Me:  On May 28th, you successfully hosted your first cooking session with youths from Punjab, Guinea and Afghanistan.  With so much on your plate – juggling a job, conducting cooking courses and running a catering business – how do you manage? 

JRM:  I once heard a saying that goes, “Time is free, so if you don’t have time, just take it”! I think this following quote answers your question:

Don’t let the fear of the time it will take to accomplish something stand in the way of your doing it.
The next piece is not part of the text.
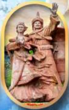
เมืองโบราณซงฟา
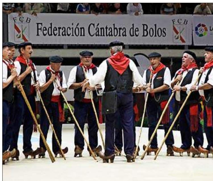
La Fuentona de Riente actuando en la bolera.

The time will pass anyway; we might just as well put that passing time to the best possible use” ~ Earl Nightingale

Me:  Was it difficult to get to these kids?  Who or which organization did you contact first?

JRM: In the beginning it was difficult because I didn’t know where to start, who to talk to.  I phoned and emailed all possible avenues.  My first contact was the city of Heidelberg’s “Flüchtlingsrat” – here I found out that new arrivals at Patrick-Henry-Village are taken care of by the state of Baden-Württemberg (and not the city of Heidelberg).  I was directed from one person to another – this took more than two months and slowly I was losing hope that I would ever get to the youths.  My luck changed when an acquaintance suggested that I should contact various “Jugendheim” (youth homes) in Heidelberg which have quite a few numbers of refugees teenagers in their facilities.  I had luck with the Johannes Falkhaus (“Jugendheim” in Boxberg) – they sent eight youths to participate in the first event.

Me:  How did your family and friends react to this project?  Since you can’t do this alone, who are supporting you?

JRM:  My husband and my kids have been very supportive –my kids especially found it very cool that I am helping out.  When I told my friends, they liked the idea too, and right away volunteered to help.

Me:  Ramadan, the Muslim month of fasting is coming to an end soon, and to celebrate Eid al-Fitr I understand you have something special lined up?

JRM:  Many of the youths are from Muslim countries, and being away from home, they miss all the customs that accompany the month of Ramadan, including traditional foods made with motherly love.  I can still recall my first Ramadan without my family – I was 18, studying in Louisiana, and I was crying so hard because I was so homesick!

Eid al-Fitr is an important festival spent with family, and since these youths can’t be with their families, I would like to treat them to special dishes, along with a home-cooked meal, which I am sure they have been missing.  This is also a good opportunity for me to challenge myself to venture into Middle Eastern cuisine.

Me:  Thank you Juliah for sharing your project with us.  Your efforts are proof that food bridges cultural divides and brings everyone together!